Comradery and the ANZAC Spirit

Author: Rachael Ross

Growing up, we’ve all watched movies that told the story of the ANZACs. On the 25th of April each year, we stand in complete silence. You can hear a pin drop. The bugle plays, flags are lowered. We pay tribute to those who gave their lives in the ultimate sacrifice. We hear of the comradery between Australia and New Zealand, strengthened by the atrocities the ANZACs endured together during the Great War.

I didn’t realise that this comradery extended beyond the history books and into our everyday lives. Earlier this month, Alyce Devlin, Tamsyn Henry and myself attended the New Zealand Nationals. From the moment we touched down in Wellington, we were welcomed with open arms. The customs officers joked with us about our ‘funny looking’ rifles, and told us to ‘shoot well, but not too well.’

As we arrived at Palmerston North, (where the NZ Nationals were being held) the view was almost postcard-perfect, with sheep frolicking in the distance as the trees waved in the breeze. We could not have asked for a better environment to compete in. It was a beautiful 24 degrees, and coming from the 40 degree Queensland summer, we were bundled up in our winter jumpers and scarves. Meanwhile, our Kiwi counterparts were in singlets and thongs, complaining about the heat.
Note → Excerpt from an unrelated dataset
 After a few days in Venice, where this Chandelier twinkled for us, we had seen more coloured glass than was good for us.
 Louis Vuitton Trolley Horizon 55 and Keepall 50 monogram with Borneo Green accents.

To top it all off, the kiwi competitors treated us like we were their own. Coming from electronic targets to paper targets, meant we were not the best at setting up scopes. With no hesitation, they were on the scene and showing us the quickest way to move between positions.
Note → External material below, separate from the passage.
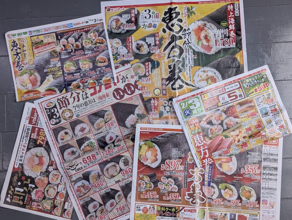 スーパーの新聞折り込みチラシは、恵方巻だらけ。そんなに需要があるのか不思議ですが、普段配られてこない地域のスーパーも一緒に入っています。

Shot over 3 days, the competition was close. With scores going back and forth across the three events. The conditions for the 3P match were quite favourable; a nice constant breeze with only a few tricky changes. The air rifle range was homely and familiar, the paper targets barely changing the overall shooting experience.
Between these competitions, we dined together and shared stories, made plans for future visits. The only time things got heated, was when the origins of Pavlova was mentioned at the dinner table. I’m sure this discussion will be continued when we meet again.

The important part of these Nationals were not the results or which one of us won, it’s the rediscovered friendship between competitive shooters of our two countries that for many years seemed to be forgotten.